2
votes

I have a global config Object in my spark app.

Object Config {
 var lambda = 0.01
}

and I will set the value of lambda according to user's input.

Object MyApp {
   def main(args: String[]) {
     Config.lambda = args(0).toDouble
     ...
     rdd.map(_ * Config.lambda)
   }
}

and I found that the modification does not take effect in executors. The value of lambda is always 0.01. I guess the modification in driver's jvm will not effect the executor's.

Do you have other solution ?

I found a similar question in stackoverflow :

how to set and get static variables from spark?

in @DanielL. 's answer, he gives three solutions:

  1. Put the value inside a closure to be serialized to the executors to perform a task.

But I wonder how to write the closure and how to serialized it to the executors, could any one give me some code example?

2.If the values are fixed or the configuration is available on the executor nodes (lives inside the jar, etc), then you can have a lazy val, guaranteeing initialization only once.

what if I declare the lambda as a lazy val variable? the modification in the driver will take effects in the executors? could you give me some code example?

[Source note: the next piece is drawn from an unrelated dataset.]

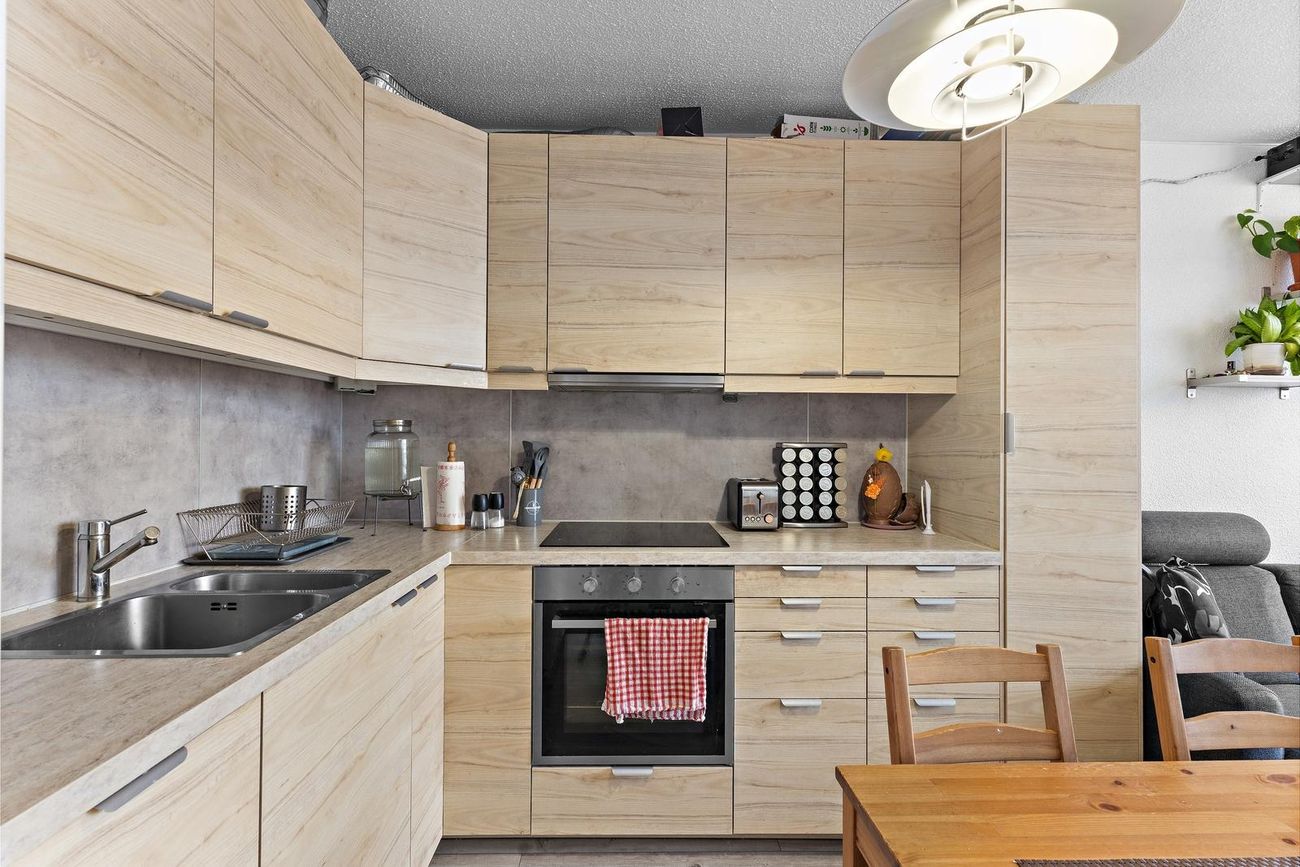 Eldhús er opið við stofu, viðarinnréttingu, ofn, helluborði og viftu. Parket á gólfi.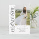 Graduation Invitation with single Photo, Modern Script Graduation Announcement, Trendy Cursive and Capital Letter Grad Party Invite. Celebrate your big achievement with this stylish graduation invitation card featuring the word “Graduation” in a trendy, elegant font that blends flowing cursive with bold apital letters. This modern typography style is extremely popular for graduation announcements and creates a sophisticated yet fashionable look that stands out. The front of the card includes a beautiful space for your favourite vertical or portrait photo, perfect for showcasing your favorite senior portrait, graduation picture, or memorable moment from your school years. Beneath the photo, there is space to personalize the design with the graduate’s name, graduation year, and school, creating a meaningful and unique graduation announcement.

3.Create a broadcast variable with the data. I know this way, but it also need a local Broadcast[] variable which wraps the Config Object right? for example:

val config = sc.broadcast(Config)

and use config.value.lambda in executors , right ?

1

1 Answers

4
votes
  1. Put the value inside a closure
object Config {var lambda = 0.01}
object SOTest {
  def main(args: Array[String]) {
    val sc = new SparkContext(new SparkConf().setAppName("StaticVar"))
    val r = sc.parallelize(1 to 10, 3)
    Config.lambda = 0.02
    mul(r).collect.foreach(println)
    sc.stop()
  }
  def mul(rdd: RDD[Int]) = {
    val l = Config.lambda
    rdd.map(_ * l)
  }
}
  1. lazy val for only once initialisation
object SOTest {
  def main(args: Array[String]) {
    lazy val lambda = args(0).toDouble
    val sc = new SparkContext(new SparkConf().setAppName("StaticVar"))
    val r = sc.parallelize(1 to 10, 3)
    r.map(_ * lambda).collect.foreach(println)
    sc.stop()
  }
}
  1. Create a broadcast variable with the data
object Config {var lambda = 0.01}
object SOTest {
  def main(args: Array[String]) {
    val sc = new SparkContext(new SparkConf().setAppName("StaticVar"))
    val r = sc.parallelize(1 to 10, 3)

    Config.lambda = 0.04
    val bc = sc.broadcast(Config.lambda)
    r.map(_ * bc.value).collect.foreach(println)

    sc.stop()
  }
}

Note: You shouldn't pass in the Config Object into sc.broadcast() directly, it would serialise your Config before transfer it to executors, however, your Config is not serialisable. Another thing to mention here: Broadcast variable do not fit well for your situation here, because you are only sharing a single value.